The course over which the tournament is contested, Sonoma Golf Club, is a Golden Age, 1928 William "Willie" Watson and Sam Whiting design. Watson's other Bay Area designs, for which Whiting acted as co-designer and construction supervisor, also include the Olympic Club's Lake Course and Harding Park.

At Sonoma Golf Club, Watson and Whiting created a layout that doesn't make you tighten your golf glove and shoelaces to achieve extra length, but instead asks you to hit position tee shots to fairway landing zones and approach shots that come to rest on the correct quadrant of the big, click greens. Hundreds of mature oak and eucalyptus trees overhang the greens, fairways and tee boxes, and dozens of mainucred bunkersdot the landscape. 

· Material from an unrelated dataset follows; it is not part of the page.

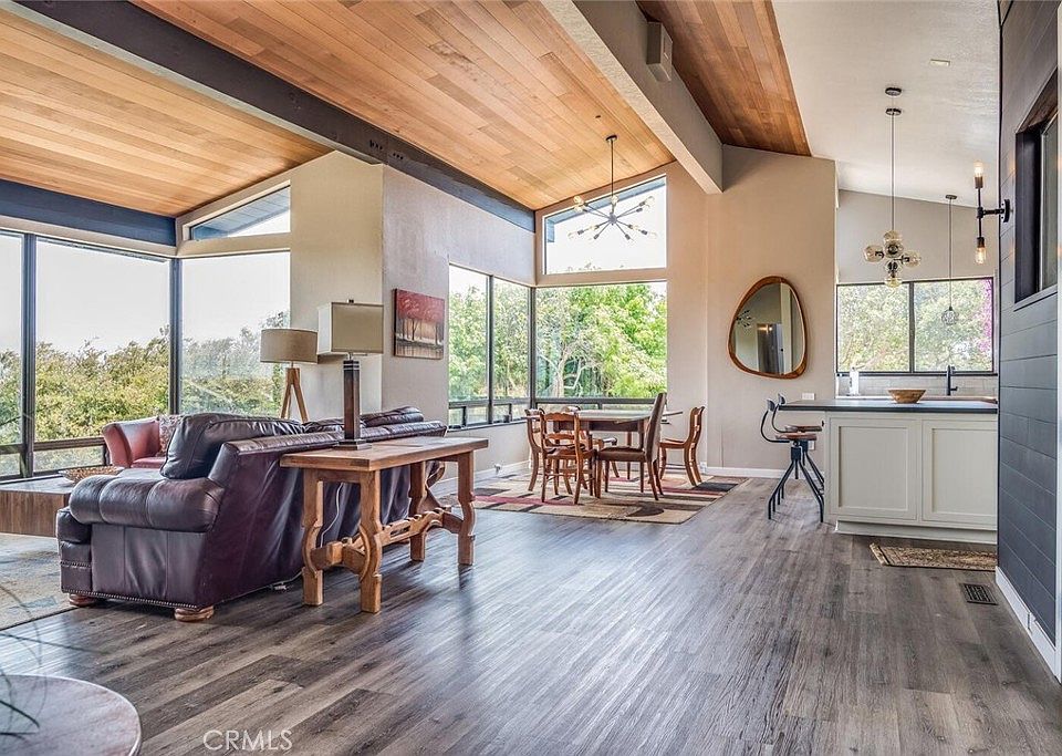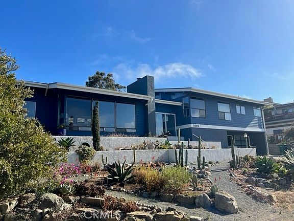 Midcentury architectural style split level home offers wide views from Morro Rock to Hollister Peak, with soaring redwood ceilings. Meticulously updated in 2022 with remodeled kitchen and bathrooms. Spacious 2 car garage Tesla car charger ready and separate private space for art studio or workshop. Beautiful paver fire pit for stargazing in the dark sky. Lovely Morro Rock views from the living room and master suite. See supplements for list of all upgrades.

While Sonoma Golf Club may not ave the overall demands of the Olympic Club, for example, it does extract a toll on the par-3 holes -- three of which are longer than 200 yards -- where the size of the greens is a major factor.

In 2004, some new bunkers were added to the left side of No. 18 to prevent shortcutting the hole. the course has been lengthened in recent years, and will play just over 7,000 yards during the Charles Schwab Cup -- but the design is chiefly the same as it was when Watson and Whiting finished the project almost 80 years ago.

Tournament proceeds will benefit many Bay Area non-profits, including Valley of the Moon Boys & Girls Club, The First Tee of San Francisco, Sonoma Mentoring Alliance and the V Foundation Wine Celebration.

Anyone who has visited Sonoma in the past will remember its small-town charm and laid-back appeal. In contrast to its high-profile and more crowded neighbor Napa, Sonoma has once gone to great lengths to retain its mom-and-pop stores, its farming lifestyle and its resistance to growth. You won't find a Burger King or Chanel store here, residents like to point out.

That's just fine with Chatlos and the Charles Schwab Cup contestants. The town's character, they hope, paired with world-class golf and top-tier accomodations, is what will keep thw San Francisco Bay Area coming back for years.